Y por favor deje de hablar del esfuerzo colectivo. Todo el peso de las
recesiones recae en los de siempre, los trabajadores, los jóvenes, los
más desfavorecidos. Mientras en la época de vino y rosas solo acumulan
deudas.
(...) Permítame hablarle brevemente sobre las élites
hispanas que, salvo muy honrosas excepciones, cual patriotas de
hojalata, no aportan casi nada a este país, salvo desazón. Ni arrimaron
el hombro en plena Gran Recesión, ni cedieron un ápice de su riqueza,
obtenida en muchos casos de manera no lícita.
Al revés, con la
colaboración de los gobiernos de turno se dictaron leyes para mantener e
incrementar lo amasado. Le sugiero, estimado monarca unas reflexiones a
modo de preguntas.
¿Dónde estaban estos patriotas de hojalata cuando
las grandes corporaciones no asumían su responsabilidad fiscal con la
ciudadanía? ¿Dónde estaban estos patriotas de hojalata cuando era más
necesario que nunca la búsqueda de un nuevo modelo productivo, asociado
de manera ineludible a una profunda reforma y catarsis colectiva? ¿Dónde
estaban estos patriotas de hojalata, cuando en un contexto de pérdida
de derechos sociales, de pérdida de capital humano y productivo, de más
deuda, de menos salarios, de más riqueza efímera asociada a las
burbujas, España se convertía en la campeona de la pobreza en Europa?

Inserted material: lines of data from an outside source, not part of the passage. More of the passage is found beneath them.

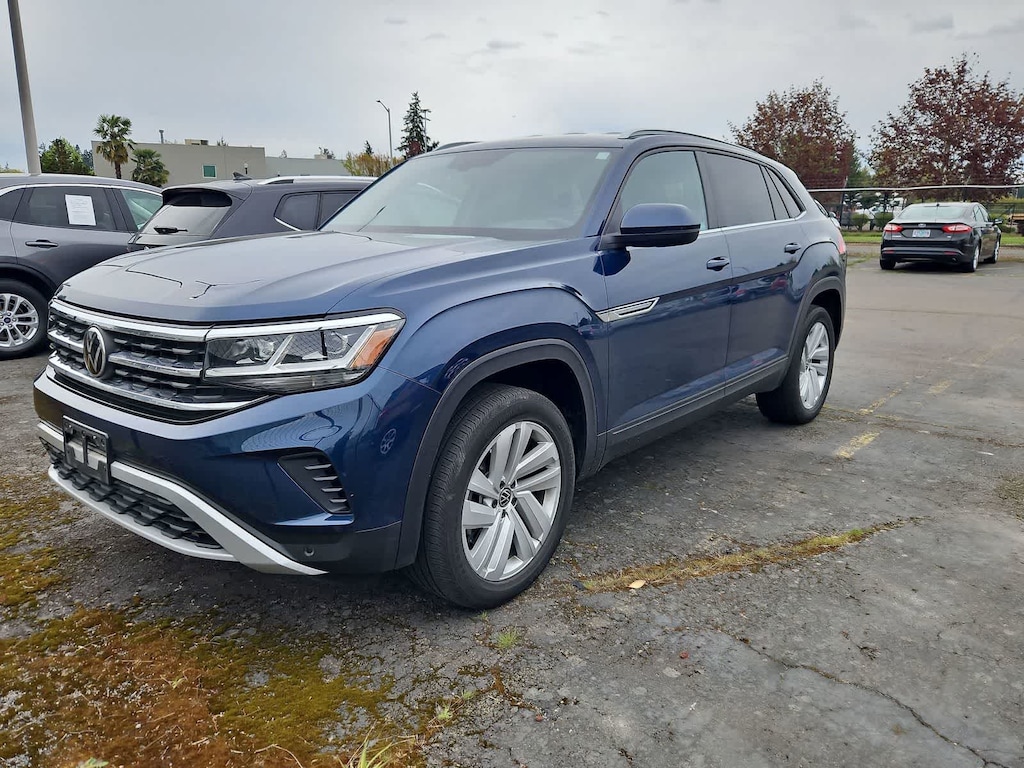 3.60 Axle Ratio, 4-Wheel Disc Brakes, 6 Speakers, ABS brakes, Air Conditioning, Alloy wheels, AM/FM radio: SiriusXM, Auto-dimming Rear-View mirror, Automatic temperature control, Brake assist, Bumpers: body-color, Carpeted Mats, Compass, Delay-off headlights, Driver door bin, Driver vanity mirror, Dual front impact airbags, Dual front side impact airbags, Electronic Stability Control, Emergency communication system: VW Car-Net services (capabilities require enrollment or subscription), Exterior Parking Camera Rear, Four wheel independent suspension, Front anti-roll bar, Front Bucket Seats, Front Center Armrest, Front dual zone A/C, Front fog lights, Front reading lights, Fully automatic headlights, Heated Comfort Front Bucket Seats, Heated door mirrors, Heated front seats, Illuminated entry, Leather Shift Knob, Low tire pressure warning, Occupant sensing airbag, Outside temperature display, Overhead airbag, Overhead console, Panic alarm, Passenger door bin, Passenger vanity mirror, Power door mirrors, Power driver seat, Power Liftgate, Power steering, Power windows, Radio data system, Radio: Composition Media w/8.0 Touchscreen, Rain sensing wipers, Rear anti-roll bar, Rear reading lights, Rear seat center armrest, Rear window defroster, Rear window wiper, Remote CD player, Remote keyless entry, Roadside Assistance Kit, Roof rack: rails only, Security system, Speed control, Speed-sensing steering, Split folding rear seat, Spoiler, Standard Suspension, Steering wheel mounted audio controls, Tachometer, Telescoping steering wheel, Tilt steering wheel, Traction control, Trip computer, Turn signal indicator mirrors, V-Tex Leatherette Seating Surfaces, Variably intermittent wipers, VW App-Connect (w/Apple CarPlay, Android Auto & MirrorLink), Wheels: 20 5-Spoke Silver Alloy (CQ0). Some of our Pre-Owned vehicles may be subject to unrepaired safety recalls. Check for a vehicle??s unrepaired recalls by VIN at http://vinrcl.safercar.gov/vin/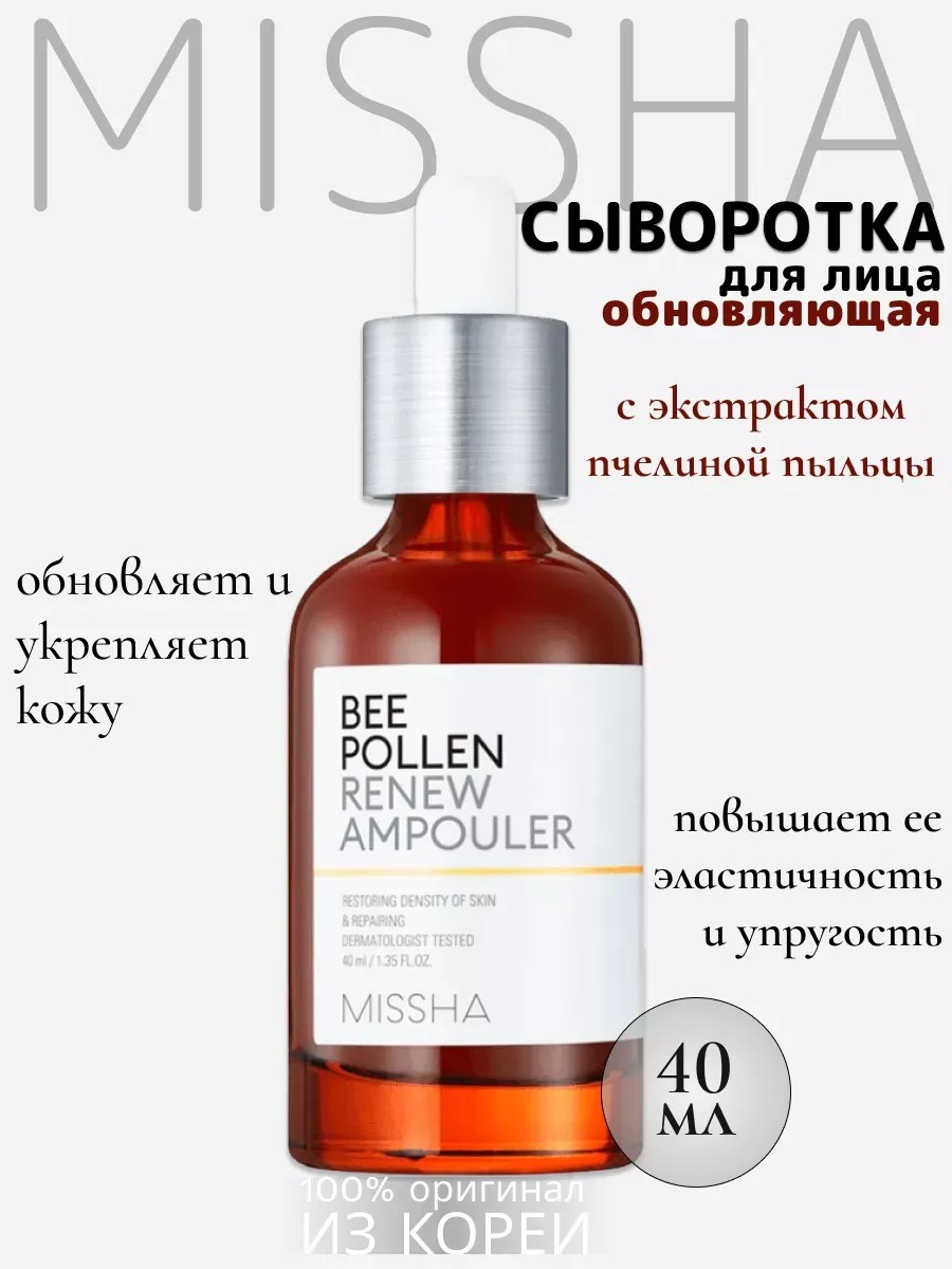 MISSHA Bee Pollen Renew Ampouler renews and strengthens the skin, improving its elasticity and firmness. This serum, based on bee pollen extract, renews and strengthens the skin, improving its elasticity and firmness. It enriches skin cells with moisture and beneficial microelements, giving it a fresher, more youthful appearance. Restores the protective barrier, enhances cellular metabolism and regeneration.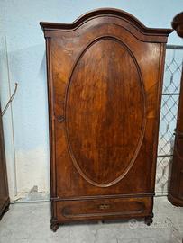 Un elegante armadio a una porta in legno scuro, caratterizzato da un grande pannello ovale rialzato al centro della porta. L'armadio include anche un pratico cassetto nella parte inferiore e una cimasa superiore riccamente sagomata e curva. Si notano alcuni segni del tempo, inclusa una crepa vicino alla base e qualche usura intorno alla serratura/bocchetta.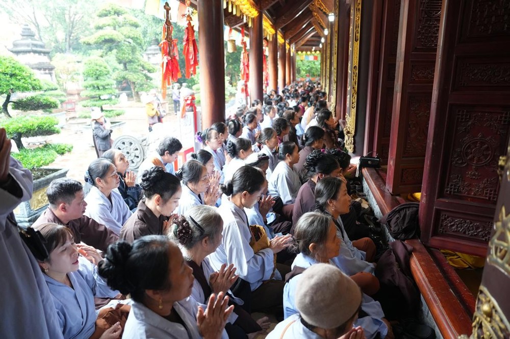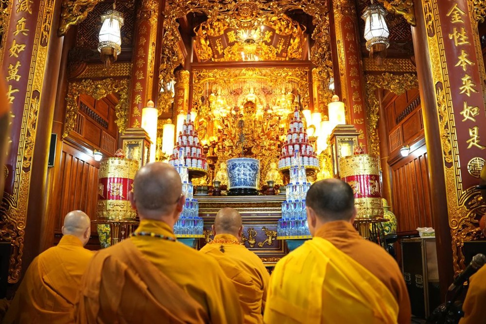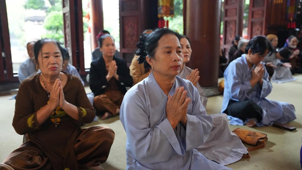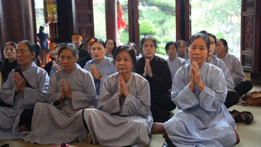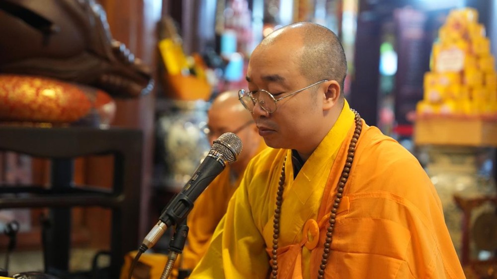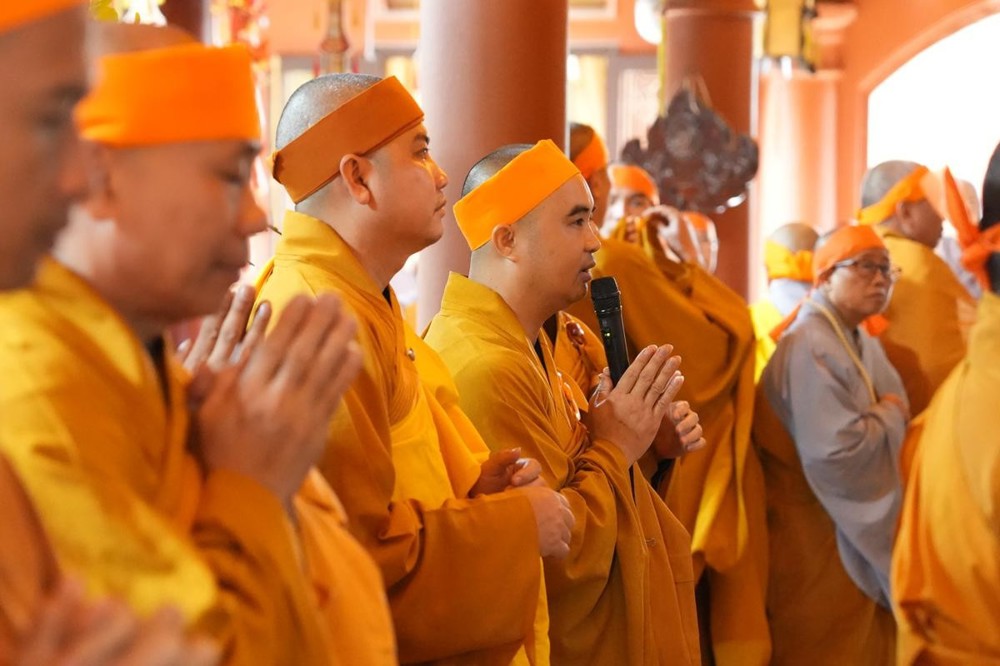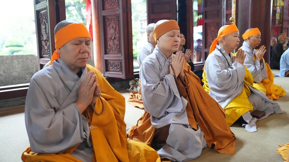 Sau nghi thức cúng Phật, cúng Tổ, chư Tôn đức cùng toàn thể Phật tử trang nghiêm trì tụng Kinh A Di Đà, gửi gắm lòng chí thành cầu nguyện bậc Thạc đức Tùng lâm sớm tiêu diêu nơi cảnh giới an lành của chư Phật.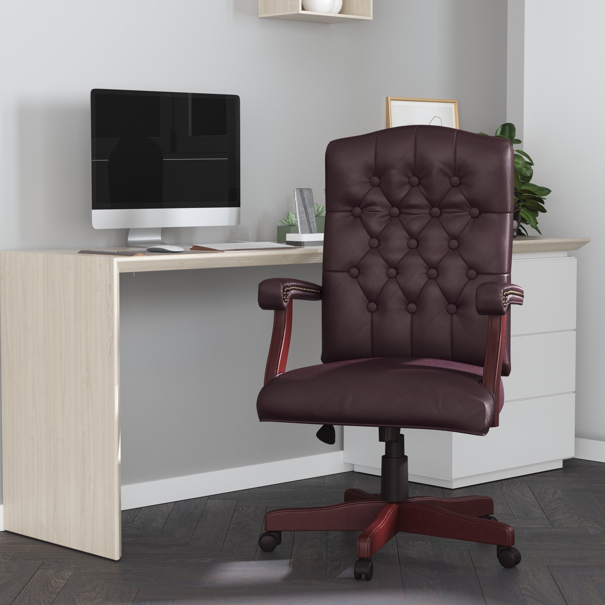 Merrick Lane Burgundy High Back Faux Leather Tufted Home Office Chair With Height Adjustment And 360° Swivel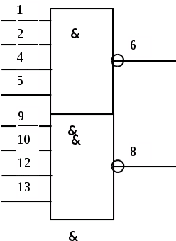 Мікросхема К555ЛА2 являє собою два логічних елементи 4І-НІ.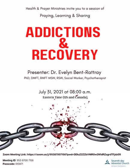 Maria McClean invites us to a session of praying and sharing. Indeed, the director of Health and Prayer Ministries at the Conference is organizing this recurring meeting. Each session takes place on Sabbath, from 8:00 AM to 9:00 AM. This week will be a presentation by Dr. Evelyn Bent-Rattray, PhD, DMFT, RMFT, MSW, RSW, Social Worker, Psychotherapist entitled Addiction and Recovery. You can join by calling (647) 558-0588, or (647) 374-4685, and enter the access code: 953 8700 7158 and password 610871. You may also use the link Zoom link.
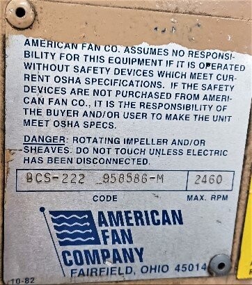| Name: | American Fan Company BCS-222 Backwardly Inclined Blower |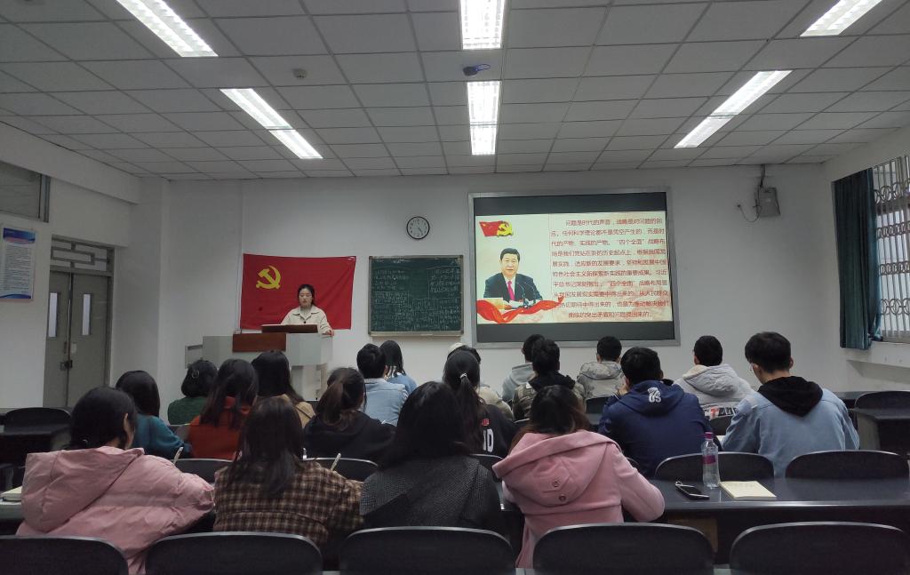 11月19日下午,信息工程学院计算机(教育)学生党支部于十教B–210教室召开深入贯彻“四个全面”战略布局学习会。全体中共党员、预备党员、重点考察对象和入党积极分子参加此次学习。会议由吕金荣同志主持。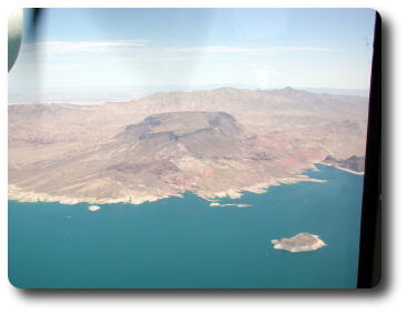 A flat piece of land, on the shores of Lake Mead, the water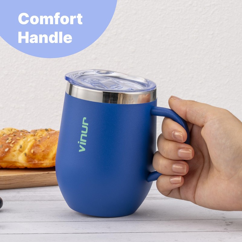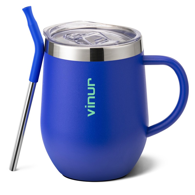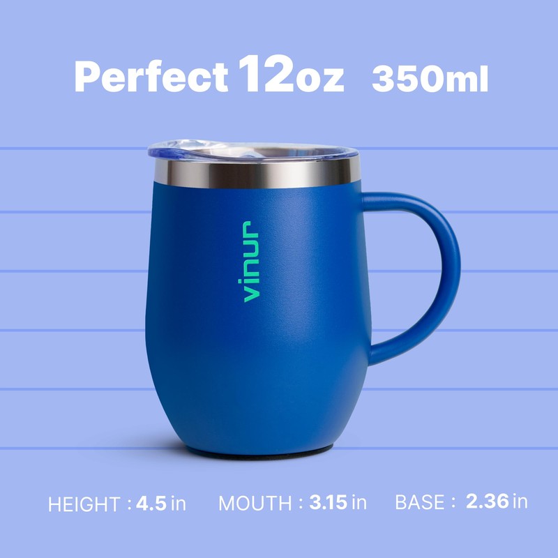 VINUR Kids Tumbler with Handle 12 oz Stainless Steel Double Wall Vacuum Insulated Tumbler with Lid and Straw, Leak Proof Water Cup for Travel(Navy)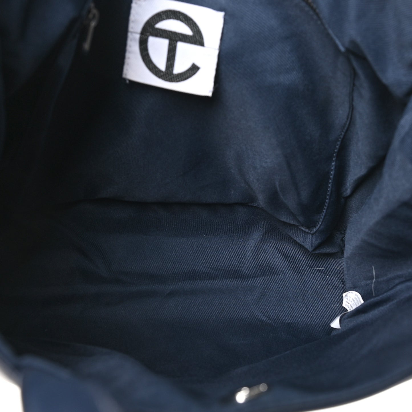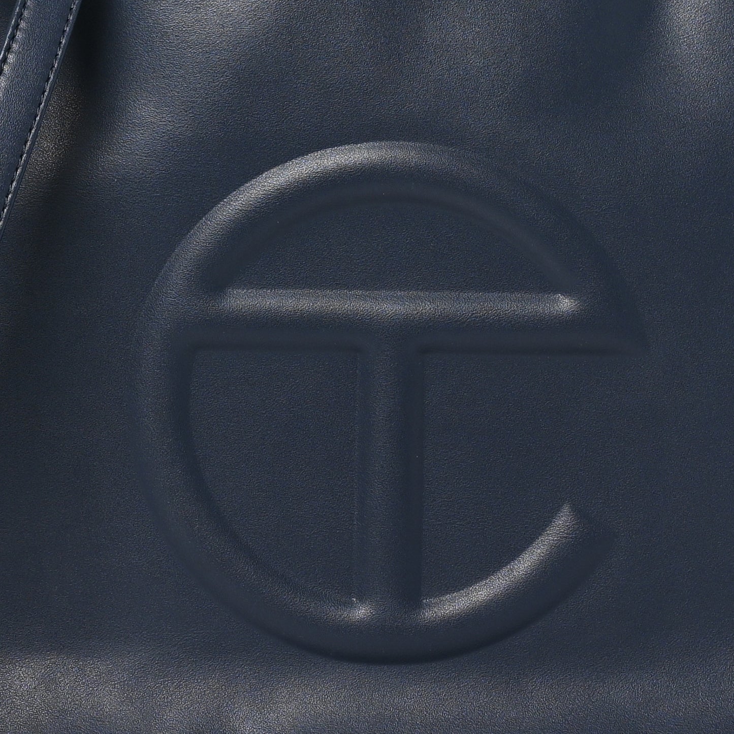 This is an authentic TELFAR Vegan Leather Medium Shopping Bag in Navy. This is a tote crafted of synthetic leather in blue with the iconic raised Telfar logo at the front. The shoulder bag has short top handles, and two long shoulder straps. The top secures with a magnet snap and opens to a blue fabric-lined interior with a zippered pocket.Follow this item for alerts. Telfar is a registered trademark of Telfar. FASHIONPHILE is not affiliated with Telfar.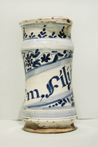 Pot de farmàcia tipus albarel. Es tracta d'un recipient de cos cilíndric, amb un lleu estrangulament central, boca ampla, amb llavi, i repeu. La decoració és de pisa estannífera (realitzada a partir d'estany) decorada en blau a base de petites fulles de julivert, que envaeixen tota la superfície de l'objecte, exceptuant l'espai frontal reservat a la cartel·la. Aquesta darrera, disposada en diagonal, mostra el nom en llatí, abreujat, del producte que estava destinat a contenir.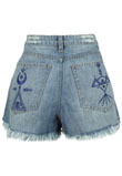Possui acabamento destroyed, bordado posterior e fecho por botões. Cintura: 82cm/ Quadril: 92cm/ Gancho: 30cm/ Comprimento: 32cm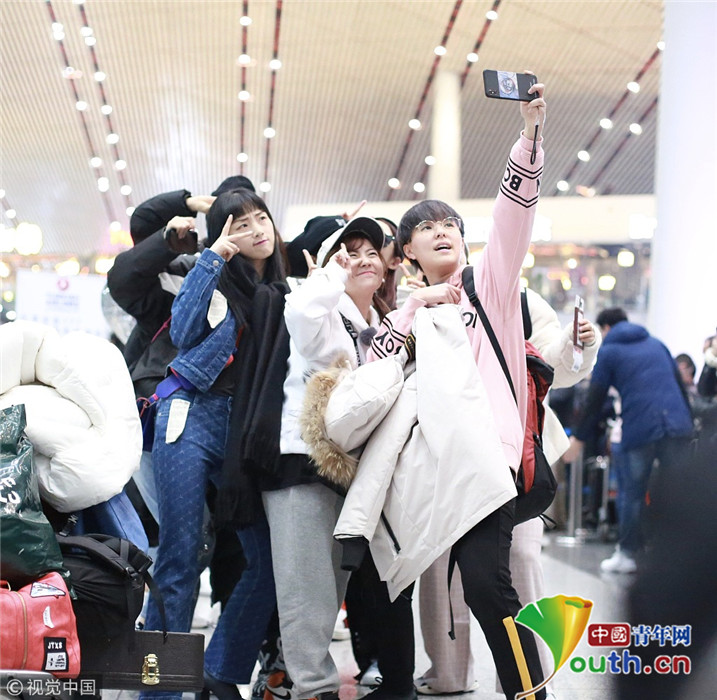 2018年12月3日,北京,“火箭少女101”全體成員現(xiàn)身機(jī)場前往國外錄制團(tuán)總綜。其中孟美岐戴著墨鏡,一身全黑運(yùn)動裝扮,大步流星氣場超強(qiáng),楊蕓晴、yamy、楊超越等成員緊隨其后,大家還一起在機(jī)場玩起自拍,好不歡樂。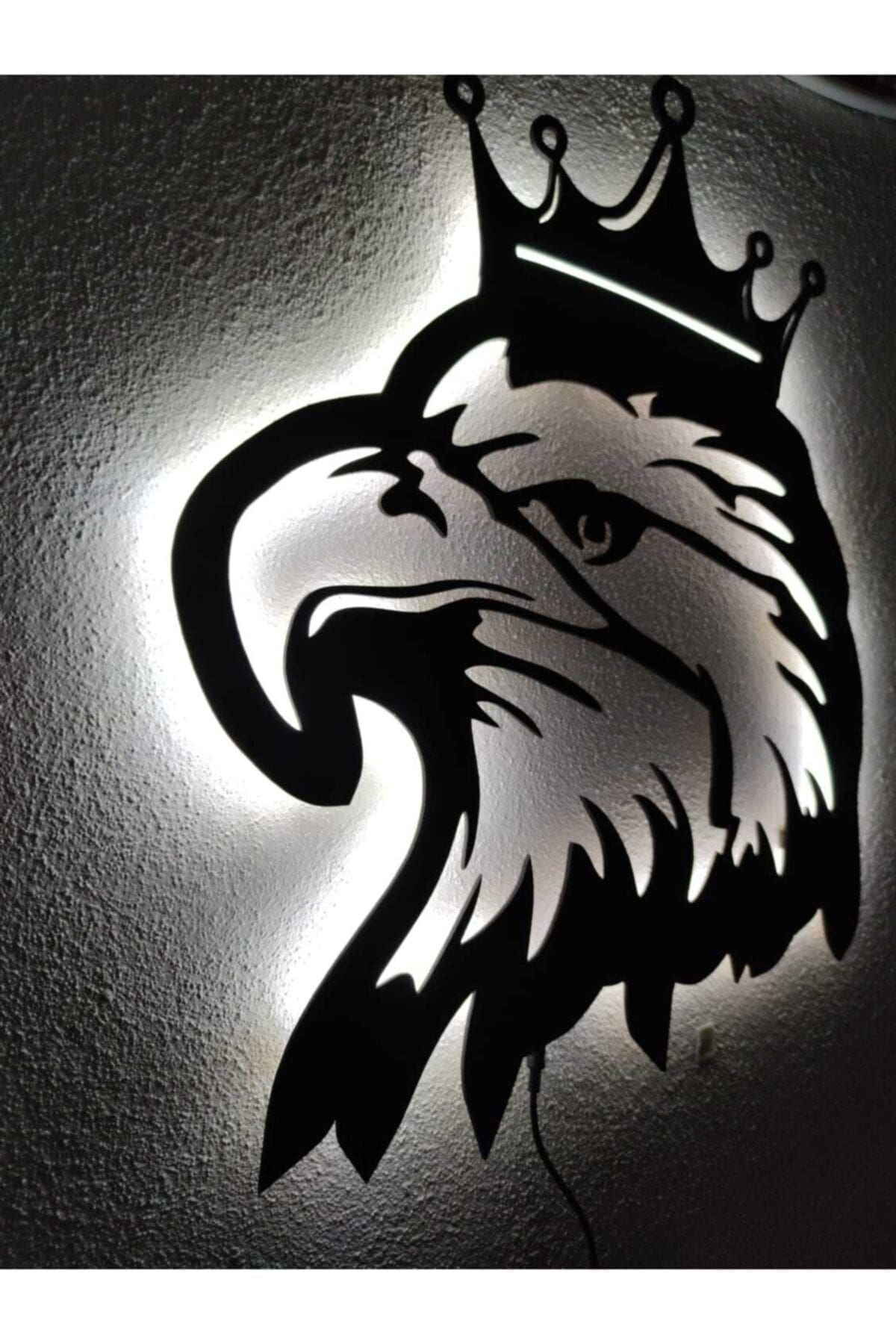3 mm kalınlığında siyah mdf malzemeden lazer kesimle imal edilmektedir.; Ürünlerimizde 12 volt şerit led kullanılmaktadır.; Ürün boyutu: 55×45; Kargo 12v adaptör ve montaj malzemeleriyle gönderilir.; Adaptörü fişe taktığınızda ledleri yanar.; Ürünümüzde beyaz renk led kullanılmıştır.; Ürünü askı aparatından kolayca duvara asabilirsiniz.; Gece lambası olarak kullanılabilir loş ışık sağlar.;

España cada día que pasa, estimado monarca, pierde relevancia, influencia, y, sobre todo, prestigio en la esfera internacional.
No pintamos nada. Somos una población endeudada hasta las cejas,
envejecida, con empleos precarios, donde la desigualdad aumenta hasta
límites insoportables.
A ello unamos la pésima calidad de nuestra
democracia, donde solo medran los adláteres, los oportunistas. Es
cierto, que la culpa es nuestra.
La sociedad ha permitido con su voto
que las élites de siempre, reunidas en el Ibex35,
rentistas desde las épocas inmemorables de la Mesta, dirijan nuestro
destino. Y quienes podían cambiar las cosas, los jóvenes, hace tiempo
que tiraron la toalla, de manera que aquellos formados han ido partiendo
al exilio exterior.
Conclusión
Estimado
monarca, vuelvo a repetirlo, no tiene necesidad de interpretar la
realidad política, social y económica de España. Al hacerlo, muchos
españoles, y con razón, pensarán que usted es una pieza de engranaje del
sistema. Por eso le sugiero que simplemente exponga y reclame algo en
lo que la mayoría de los españoles estarán de acuerdo. Exija para
nuestro país esa libertad inseparable de la justicia.
En España
predominan los monopolios, los oligopolios,
los rentistas del suelo, que acaban con los emprendedores, los
productores, los trabajadores, fomentando una distribución injusta de la
renta y riqueza, generando pobreza. Esa es la realidad de nuestro país.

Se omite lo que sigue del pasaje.